Actually I think you're going for the opposite: you want tshark to dissect packets as soon as they're available, right? So there is less variability between how many packets dumpcap processes and how many tshark processes. To do that, decrease DUMPCAP_UPD_TIME to a small number.

(16 Oct '13, 06:23) JeffMorriss ♦

I have done with 2 cases: DUMPCAP_UPD_TIME = 1000 ms and DUMPCAP_UPD_TIME = 100 ms, let 's see the difference. With DUMPCAP_UPD_TIME = 1000 ms, the number of incoming packets: (8000 ~ 19000) vs the number of outgoing packets: (1000 ~ 2000). With DUMPCAP_UPD_TIME = 100 ms, the number of incoming packets: (2000 ~ 8000) vs the number of outgoing packets: (300 ~ 500). So, we have a less variability between how many packets dumpcap processes and how many tshark processes, but if we focus on the percentage of outgoing packets/incoming packets, the performance might be decrease so that when we stop tshark (by using -a duration:120), only dumpcap stops while tshark is still running and the delay is still long.

(17 Oct '13, 19:36) hoangsonk49

showing 5 of 7 show 2 more comments

Answer 2

Does this mean the processing speed of Dissectors is less than Dumpcap (i don't think so because we don't have enough evidence)?

well, just by applying logic, I would answer: Yes

Reason: Both dumpcap and tshark have the same amount of I/O work (if we ignore file system caches for a while). So, that amount of time is the same (dumpcap writing data, tshark reading the same amount of data). Then tshark has a lot of additional work due to the dissection of frames. So, yes dissecting packets with tshark will always be slower than just writing the packets to disk with dumpcap. This is due to the way how dumpcap 'delivers' packets to tshark, through a file they use both.

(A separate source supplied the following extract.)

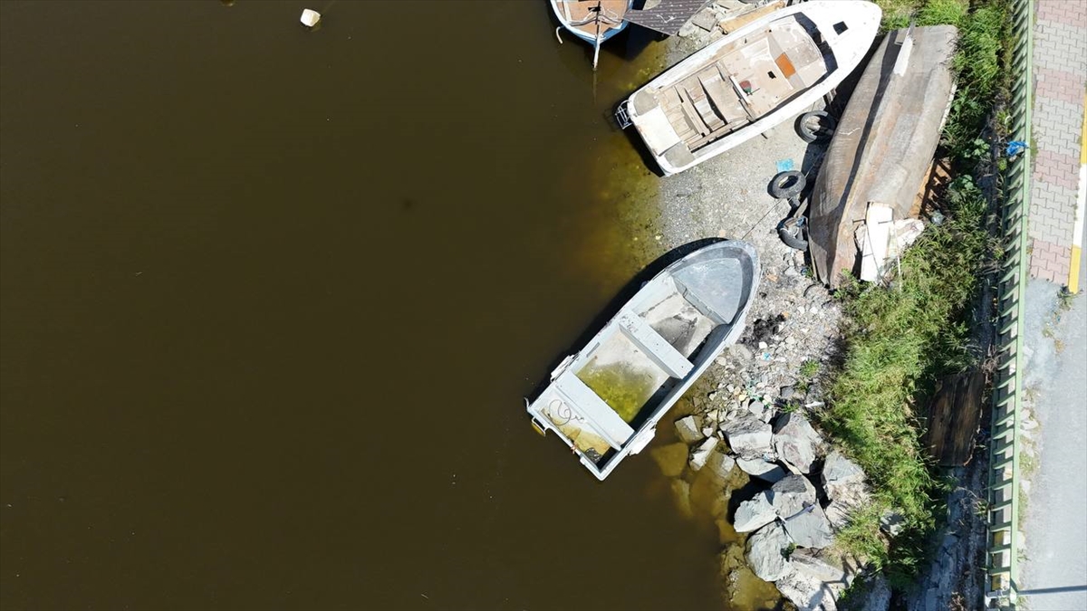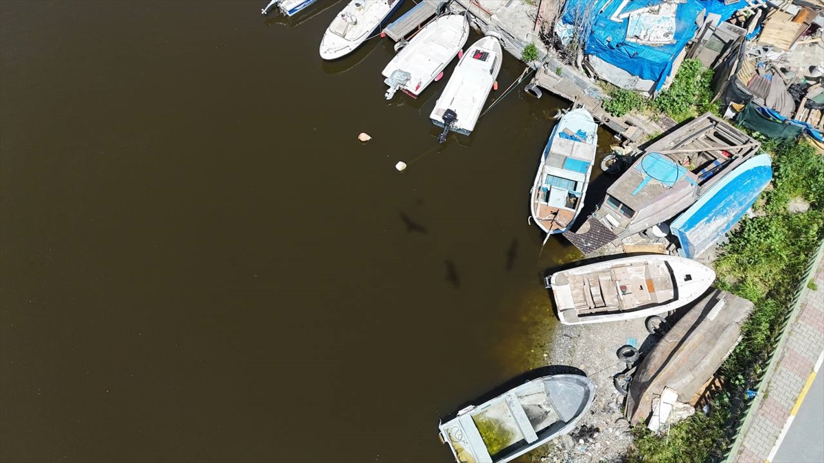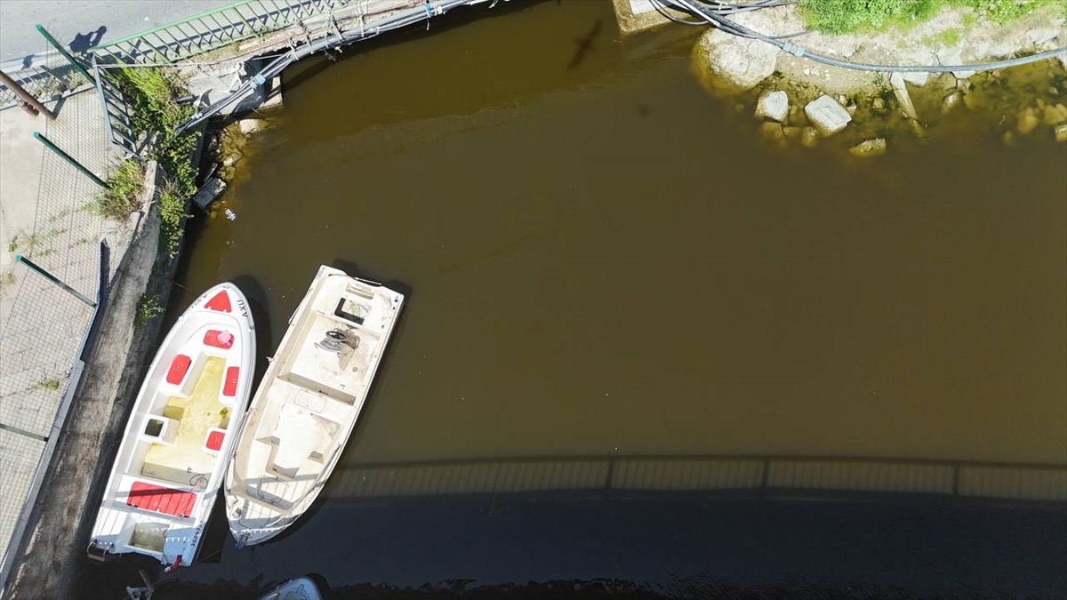Balıkçı teknelerine ait barınağın da yer aldığı derenin suyu kahverengiye döndü.
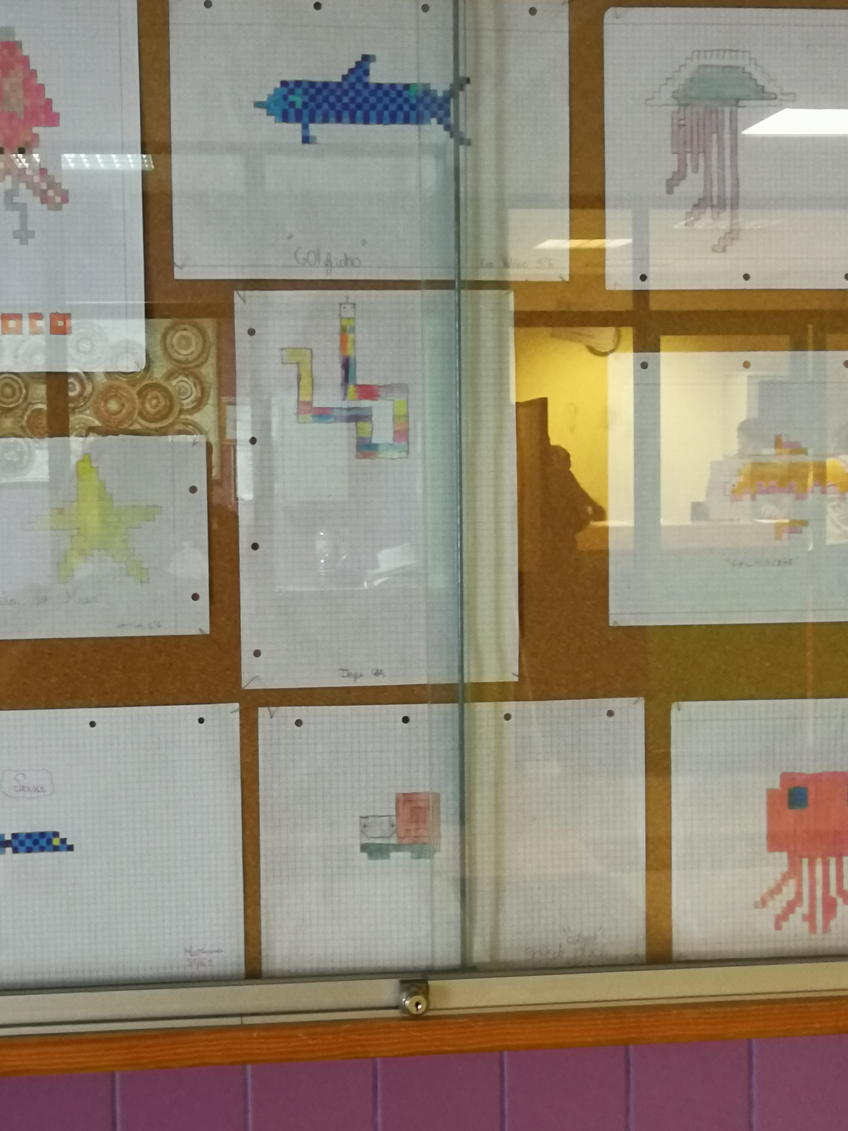 – Representação visual de animais do estuário do Sado, em papel quadriculado, construídos e pintados quadricula a quadricula, ou seja, ponto a ponto (pixel).

Thus, I believe the specific problem you have found is a structural problem and I don't know if there is a general or an easy solution for this. There will always be situations where dumpcap will be ahead of tshark, due to the time tshark needs to dissect the frames and it gets worse the longer tshark runs, due to larger lists and hash tables tshark needs to fill, search and possibly reorganize (hash table collisions - although I did not check where exactly that might happen!!). File system caching might help, as the I/O work of tshark (reading what dumpcap just wrote) has a much lower impact than for dumpcap (writing new data), but still....

I change the code to print out the number of incoming packet (which are written to .pcap file by dumpcap) and the number of outgoing packets (which are dissected by dissector together).

Can you please post the code change, so we can check if the changes are appropriate to measure what you are trying to measure ;-))

Regards
Kurt